He believes that Centi’s simplicity will be its USP and will enable it to be rolled out to a range of different customers who haven’t necessarily used Bitcoin or integrated it into their business model before.
For example, he tells Charles Miller on this week’s episode of CoinGeek Conversations that he is purposefully targeting the media and events industries, through the launch of Centi’s ‘space concept.’ This feature will allow merchants to customise pages on the app so users can buy tickets and merchandise quickly and easily online.
“For example, if you want to sell a consumer a hamburger at the event, you can basically purchase the product digitally, directly in the app and then you just need to go and collect it rather than standing in line somewhere.”
The peer-to-peer nature of Bitcoin helps to ensure that transactions are extremely quick and direct, and if both customer and merchant have Centi enabled, the funds go straight from one to another, without travelling through any custodians or middlemen.
So far, there are three onboarded merchants who are using the service commercially; one is a bar, one is a ramen noodle store, and one is a clothes shop, but Bernhard hopes to have at least a thousand merchants by the end of 2023.
While this might sound ambitious, he explains that they already have strategies in place to work with other partners who already have a long list of customers.
He also hopes that the straightforwardness of the product, thanks to a recent redesign, will prove to be a winning combination for commercial clients. But, just in case that wasn’t enough to attract new users, he’s incorporated a faucet into the app.
This means that anyone using the Centi app can receive 1 Swiss Franc (approximately US$1) just for signing up.
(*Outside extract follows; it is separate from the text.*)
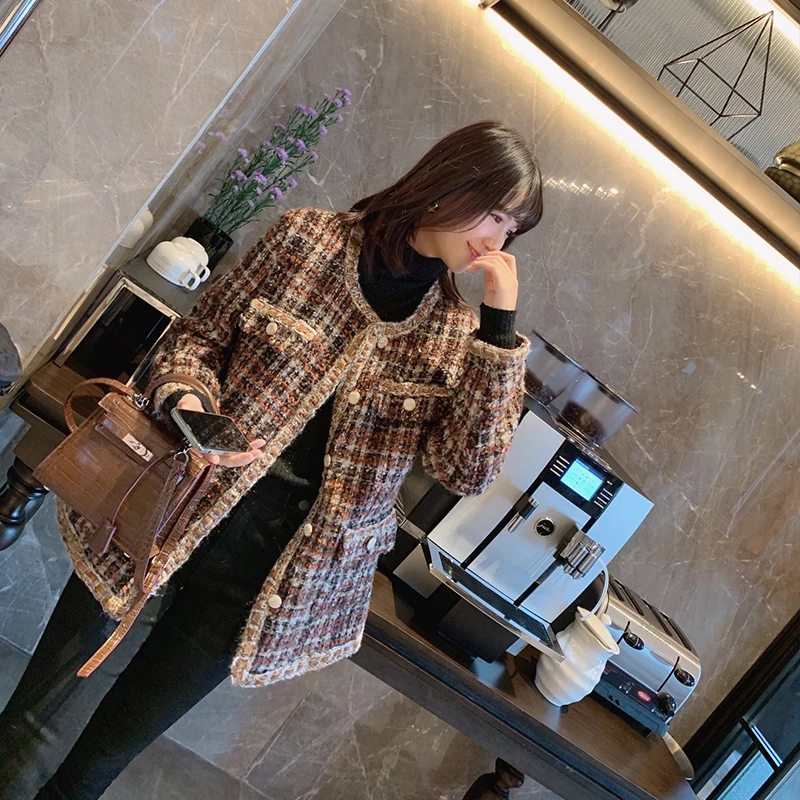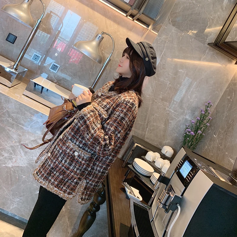 Latest Product Mishow 2019 Winter Vintage Plaid Dame Jacke Frauen Mode einreiher Lange Hülse Lose Kaffee Mantel MX

Bernhard explains that faucets were big in Bitcoin in the early days and are aimed at getting people to experience the product without needing to connect their finances to the app.
He’s excited about the potential he sees for getting outsiders involved in Bitcoin SV and references the BSV Global Blockchain Convention as an example of how much opportunity there is, especially in comparison to how it used to be.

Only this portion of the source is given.